Subject to stable currencies and a steady recovery in volumes and revenue on the back of easing COVID-19 restrictions – for financial year 2022, Imperial expects to deliver growth in revenue, operating profit, HEPS and core EPS from continuing operations compared to fiscal 2021. In addition, the Group expects to continue to generate good free cash flow with free cash conversion expected to be between 70% and 75%.
With regards to the DP World offer to acquire Imperial, the proposed transaction is still subject to Imperial shareholder approval and other customary completion conditions, including regulatory approvals, which are in progress. The circular for this transaction was distributed on 19 August 2021 and the general meeting convened for shareholders is scheduled for 17 September 2021. We anticipate that the proposed transaction will be concluded by February 2022, pending the successful outcome of the outstanding approvals. In the interim, Imperial will continue with its daily business activities.

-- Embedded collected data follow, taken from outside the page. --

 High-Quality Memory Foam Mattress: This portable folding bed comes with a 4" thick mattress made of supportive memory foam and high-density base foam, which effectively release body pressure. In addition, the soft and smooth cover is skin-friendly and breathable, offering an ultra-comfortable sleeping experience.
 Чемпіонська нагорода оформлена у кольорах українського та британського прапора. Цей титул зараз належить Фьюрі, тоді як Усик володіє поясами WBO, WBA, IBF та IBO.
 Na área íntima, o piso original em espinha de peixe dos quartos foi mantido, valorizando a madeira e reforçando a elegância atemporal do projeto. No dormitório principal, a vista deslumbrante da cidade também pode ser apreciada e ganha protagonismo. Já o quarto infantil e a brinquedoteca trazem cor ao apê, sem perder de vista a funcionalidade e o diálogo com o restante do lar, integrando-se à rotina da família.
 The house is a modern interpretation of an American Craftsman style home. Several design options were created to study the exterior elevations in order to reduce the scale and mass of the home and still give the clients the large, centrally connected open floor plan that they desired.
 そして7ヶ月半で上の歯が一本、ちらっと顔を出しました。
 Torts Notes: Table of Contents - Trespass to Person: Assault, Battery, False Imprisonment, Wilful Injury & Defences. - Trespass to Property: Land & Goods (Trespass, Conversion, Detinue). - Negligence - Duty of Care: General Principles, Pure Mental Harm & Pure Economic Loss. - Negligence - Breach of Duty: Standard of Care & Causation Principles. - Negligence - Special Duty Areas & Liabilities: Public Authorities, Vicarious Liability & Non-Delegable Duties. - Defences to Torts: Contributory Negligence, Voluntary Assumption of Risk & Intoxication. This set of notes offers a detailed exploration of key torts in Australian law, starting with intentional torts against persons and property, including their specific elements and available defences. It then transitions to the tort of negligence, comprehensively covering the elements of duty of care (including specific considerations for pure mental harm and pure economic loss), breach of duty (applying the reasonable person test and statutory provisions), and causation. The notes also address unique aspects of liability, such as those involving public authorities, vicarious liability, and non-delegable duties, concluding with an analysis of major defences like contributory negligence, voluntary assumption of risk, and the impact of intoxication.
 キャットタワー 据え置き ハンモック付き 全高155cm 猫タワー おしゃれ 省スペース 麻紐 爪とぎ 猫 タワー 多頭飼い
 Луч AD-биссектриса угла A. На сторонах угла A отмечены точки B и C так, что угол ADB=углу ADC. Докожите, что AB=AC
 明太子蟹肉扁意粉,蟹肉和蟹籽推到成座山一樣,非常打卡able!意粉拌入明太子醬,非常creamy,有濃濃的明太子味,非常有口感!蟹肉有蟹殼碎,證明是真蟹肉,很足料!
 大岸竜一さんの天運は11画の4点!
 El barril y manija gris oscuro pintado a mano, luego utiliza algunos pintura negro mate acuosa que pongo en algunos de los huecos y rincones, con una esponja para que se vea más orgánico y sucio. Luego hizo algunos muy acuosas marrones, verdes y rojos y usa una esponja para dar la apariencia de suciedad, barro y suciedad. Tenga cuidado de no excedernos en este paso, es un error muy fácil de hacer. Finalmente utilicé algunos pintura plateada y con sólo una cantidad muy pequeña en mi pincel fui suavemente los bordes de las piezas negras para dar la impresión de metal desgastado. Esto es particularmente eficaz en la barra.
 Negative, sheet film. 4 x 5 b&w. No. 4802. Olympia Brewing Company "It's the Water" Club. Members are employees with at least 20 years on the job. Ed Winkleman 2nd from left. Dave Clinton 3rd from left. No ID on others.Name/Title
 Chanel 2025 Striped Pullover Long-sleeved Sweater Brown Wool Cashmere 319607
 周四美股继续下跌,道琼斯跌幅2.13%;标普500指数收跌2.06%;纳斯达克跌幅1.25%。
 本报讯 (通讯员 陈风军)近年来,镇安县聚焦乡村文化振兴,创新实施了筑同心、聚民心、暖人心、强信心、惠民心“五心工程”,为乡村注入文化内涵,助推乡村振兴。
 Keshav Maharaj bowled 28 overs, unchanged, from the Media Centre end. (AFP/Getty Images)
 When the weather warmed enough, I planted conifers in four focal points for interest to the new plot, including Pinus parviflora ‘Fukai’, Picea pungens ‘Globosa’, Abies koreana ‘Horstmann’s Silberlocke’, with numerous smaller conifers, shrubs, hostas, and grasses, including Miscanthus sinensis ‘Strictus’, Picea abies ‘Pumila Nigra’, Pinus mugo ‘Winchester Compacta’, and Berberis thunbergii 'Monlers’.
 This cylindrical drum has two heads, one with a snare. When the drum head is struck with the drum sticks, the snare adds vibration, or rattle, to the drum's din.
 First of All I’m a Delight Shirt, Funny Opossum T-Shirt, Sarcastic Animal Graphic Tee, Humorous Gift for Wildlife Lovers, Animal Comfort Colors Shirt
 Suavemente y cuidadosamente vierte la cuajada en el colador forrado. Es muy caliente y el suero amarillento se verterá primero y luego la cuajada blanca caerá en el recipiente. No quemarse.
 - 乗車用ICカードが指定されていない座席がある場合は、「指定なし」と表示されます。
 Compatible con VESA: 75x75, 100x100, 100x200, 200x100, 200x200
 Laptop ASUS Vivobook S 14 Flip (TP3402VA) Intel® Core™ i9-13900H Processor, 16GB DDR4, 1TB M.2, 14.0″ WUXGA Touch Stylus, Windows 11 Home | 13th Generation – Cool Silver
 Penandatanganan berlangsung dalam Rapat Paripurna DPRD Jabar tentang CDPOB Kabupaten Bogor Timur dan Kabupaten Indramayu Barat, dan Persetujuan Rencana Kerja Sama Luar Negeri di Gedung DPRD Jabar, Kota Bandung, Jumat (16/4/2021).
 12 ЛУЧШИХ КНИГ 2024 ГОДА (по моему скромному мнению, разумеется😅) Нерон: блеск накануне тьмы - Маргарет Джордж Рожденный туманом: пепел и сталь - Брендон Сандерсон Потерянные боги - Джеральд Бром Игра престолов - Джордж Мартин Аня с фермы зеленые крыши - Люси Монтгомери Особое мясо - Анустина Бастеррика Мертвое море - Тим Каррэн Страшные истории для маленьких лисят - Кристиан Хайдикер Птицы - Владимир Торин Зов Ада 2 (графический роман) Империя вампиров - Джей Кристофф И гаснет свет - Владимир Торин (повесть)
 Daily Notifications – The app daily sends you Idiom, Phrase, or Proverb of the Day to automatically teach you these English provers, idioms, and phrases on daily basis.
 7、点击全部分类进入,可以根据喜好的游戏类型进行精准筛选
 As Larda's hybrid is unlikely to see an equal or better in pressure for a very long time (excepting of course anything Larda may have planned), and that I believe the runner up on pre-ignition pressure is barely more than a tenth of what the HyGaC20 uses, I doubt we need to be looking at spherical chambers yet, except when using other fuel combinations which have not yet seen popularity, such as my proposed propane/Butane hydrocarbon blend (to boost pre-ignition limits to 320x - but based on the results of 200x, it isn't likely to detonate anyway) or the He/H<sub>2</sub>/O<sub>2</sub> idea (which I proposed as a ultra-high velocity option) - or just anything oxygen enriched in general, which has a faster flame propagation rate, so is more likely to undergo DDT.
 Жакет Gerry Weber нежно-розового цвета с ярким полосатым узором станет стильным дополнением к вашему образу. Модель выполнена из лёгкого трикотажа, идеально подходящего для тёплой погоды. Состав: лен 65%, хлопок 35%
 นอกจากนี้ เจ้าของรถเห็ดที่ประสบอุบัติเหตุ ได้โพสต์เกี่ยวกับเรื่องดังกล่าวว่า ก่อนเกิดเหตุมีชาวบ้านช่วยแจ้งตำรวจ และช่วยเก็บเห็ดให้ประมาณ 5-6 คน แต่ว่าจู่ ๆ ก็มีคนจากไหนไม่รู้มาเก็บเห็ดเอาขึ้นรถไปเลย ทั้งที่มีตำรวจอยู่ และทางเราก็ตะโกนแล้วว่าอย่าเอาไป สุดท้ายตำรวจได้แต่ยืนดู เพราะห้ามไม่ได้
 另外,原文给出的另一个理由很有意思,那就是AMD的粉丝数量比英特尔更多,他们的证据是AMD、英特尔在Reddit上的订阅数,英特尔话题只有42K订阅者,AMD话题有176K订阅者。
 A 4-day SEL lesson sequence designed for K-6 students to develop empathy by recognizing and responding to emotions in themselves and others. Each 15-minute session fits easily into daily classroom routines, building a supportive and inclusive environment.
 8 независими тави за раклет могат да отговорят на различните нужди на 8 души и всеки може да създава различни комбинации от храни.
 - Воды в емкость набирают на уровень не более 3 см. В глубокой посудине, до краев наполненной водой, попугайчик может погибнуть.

Akoojee concludes, "Our balance sheet remains strong and resilient, with headroom in terms of debt capacity and liquidity to facilitate our strategic growth aspirations. We have a strong pipeline of new business opportunities which we are working hard to translate into new business. While we will continue to meet the demands and manage the implications of the pandemic in the short-term, we will also ensure that we continue to deliver on our strategic objectives."